Limitations & Future Work¶
- Linear Mixing Assumption: Core results are built on \(X=AS\) linear mixing and LiNGAM; extending to non-linear settings is the main future direction (potentially using Chen 2024b/2025b).
- Large Sample Requirement: Synthetic experiments used 5k–20k samples; reliable estimation of high-order information and non-Gaussianity naturally requires more samples.
- Strong Identifiability Conditions: Condition 1 (3 neighbors, 2 children per latent), Condition 2 ("sibling" constraints), and rank-faithfulness must hold, which are hard to verify on real data.
- Thin Evidence on Real Data: The main text focuses on synthetic data, with real-world experiments relegated to Appendix C, making it hard to judge robustness against real-world noise/non-stationarity directly from the main body.
Related Work & Insights¶
- vs. GIN (Xie 2020) / TIN (Dai 2022): Both rely on unilateral projection \(\omega^\top Y \perp\!\!\!\perp Z\) and pure children; this paper proves unilateral is a subset of bilateral and uses \(\omega_1^\top Y \perp\!\!\!\perp \omega_2^\top Z\) for richer signals, identifying impure structures where GIN/TIN fail.

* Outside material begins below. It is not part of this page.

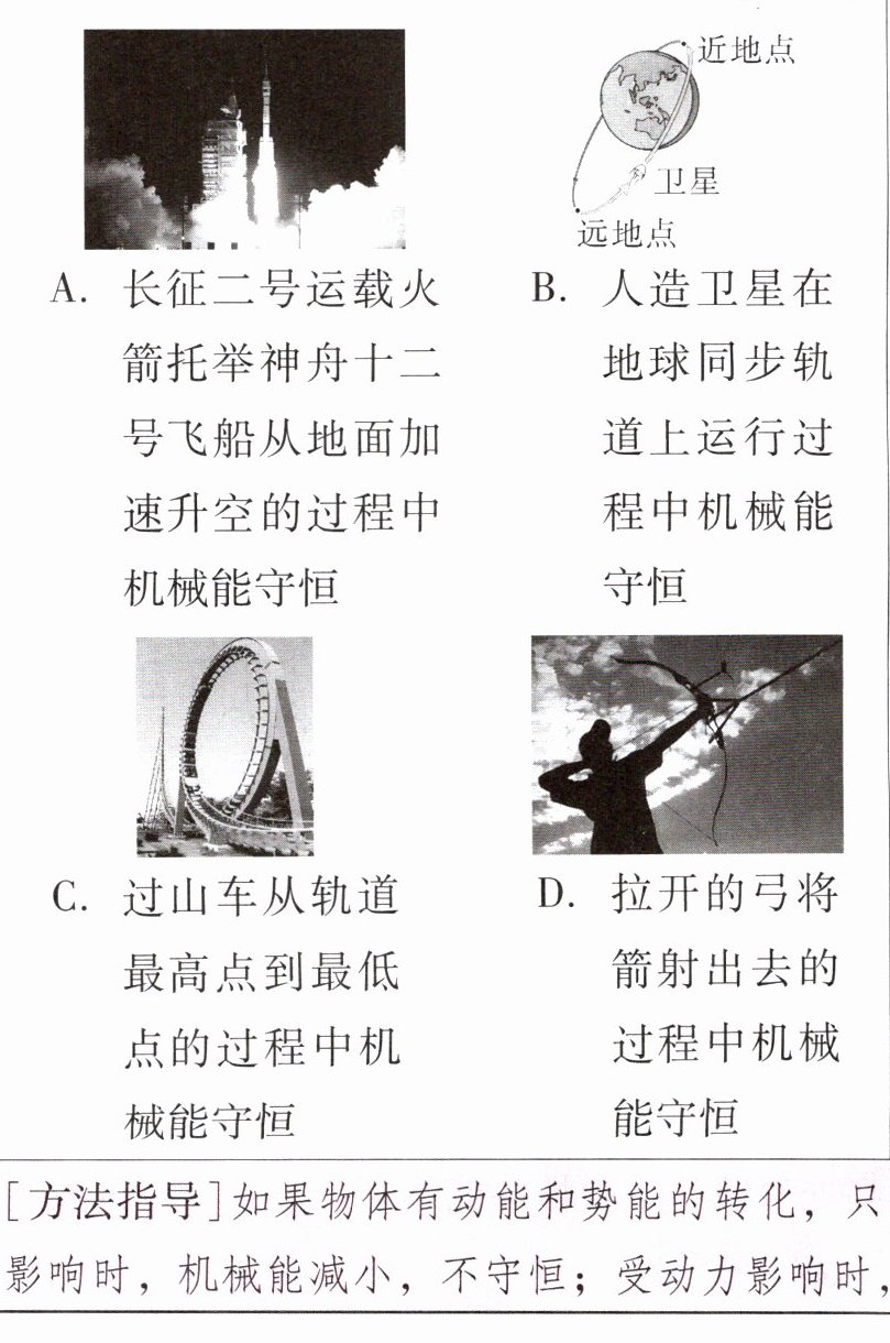 [方法指导]如果物体有动能和势能的转化,只有重力或弹力做功时,则机械能守恒;受阻力影响时,机械能减小,不守恒;受动力影响时,机械能增大,不守恒。

- vs. OICA (Eriksson & Koivunen 2004) & High-order Cumulants: Theoretically handle impurity but OICA is computationally expensive/unstable, and cumulants are outlier-sensitive/sample-intensive. CICA uses differentiable rank-deficiency/Triad proxies for a better balance.
- vs. Rank-deficiency Family (Silva 2006 / Huang 2022 / Dong 2023, RLCD): Mostly linear Gaussian recovering up to Markov equivalence; this paper grafts rank-deficiency onto non-Gaussian + CICA to identify specific causal directions and coefficients. RLCD also requires ≥4 observed variables, while CICA handles smaller clusters.
- vs. ISA (Local ISA-LiNG, Dai 2024): ISA only separates to irreducible subspaces without intra-subspace constraints, lacking information for latent confounders (Theorem 3, Figs 1a/1b are ISA equivalent); CICA fills this by imposing conditional independence within subspaces.
Rating¶
- Novelty: ⭐⭐⭐⭐⭐ Proposes CICA as a new principle, systematically breaking purity assumptions with "conditional independence + sparsest solution"; the unilateral vs. bilateral analysis is highly insightful.
- Experimental Thoroughness: ⭐⭐⭐⭐ Extensive comparison with four baselines and sparsity gap simulations, though real data is in the appendix and samples are large.
- Writing Quality: ⭐⭐⭐⭐⭐ Theory progresses logically (definition → ambiguity → sparsity-based disambiguation → recursive algorithm) with well-placed examples and clear arguments.
- Value: ⭐⭐⭐⭐⭐ Provides a tool for non-Gaussian causal discovery with latent confounders that balances identifiability and feasibility; results are solid and extensible.